== Supplied information ==

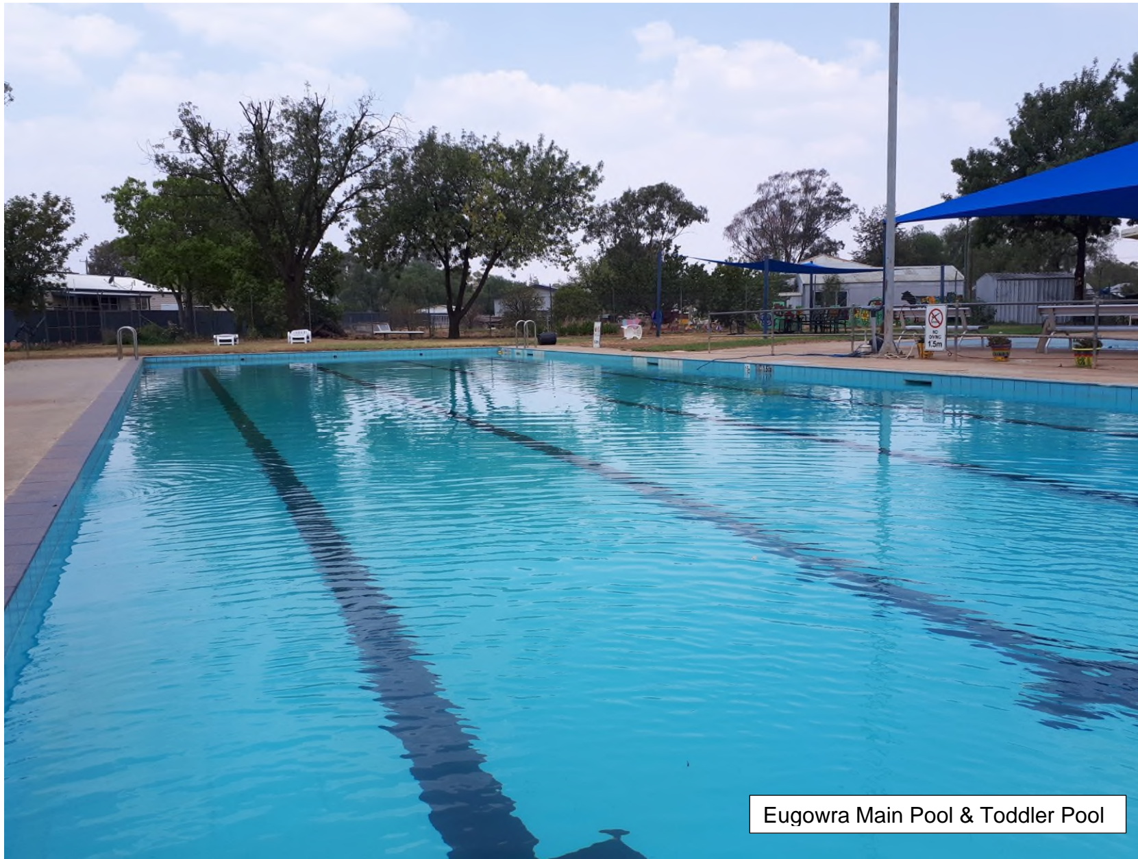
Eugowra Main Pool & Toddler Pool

===
== Supplied information ==

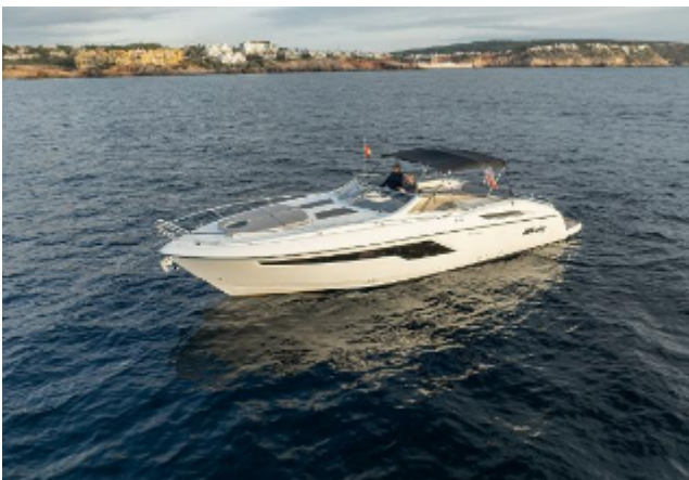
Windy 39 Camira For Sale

===
== Supplied information ==

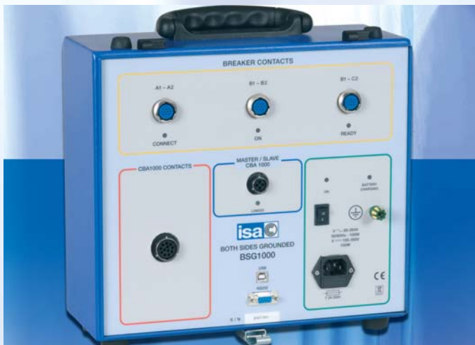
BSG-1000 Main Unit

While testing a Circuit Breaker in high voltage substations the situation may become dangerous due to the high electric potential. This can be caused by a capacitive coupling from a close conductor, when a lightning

===

— Problem description —
Please give back exactly the lines of this listing beginning at the line with "BSG-1000 Main Unit" and ending with the line with "While testing a", both included, and nothing else.

— Exercise answer —
BSG-1000 Main Unit

While testing a Circuit Breaker in high voltage substations the situation may become dangerous due to the high electric potential. This can be caused by a capacitive coupling from a close conductor, when a lightning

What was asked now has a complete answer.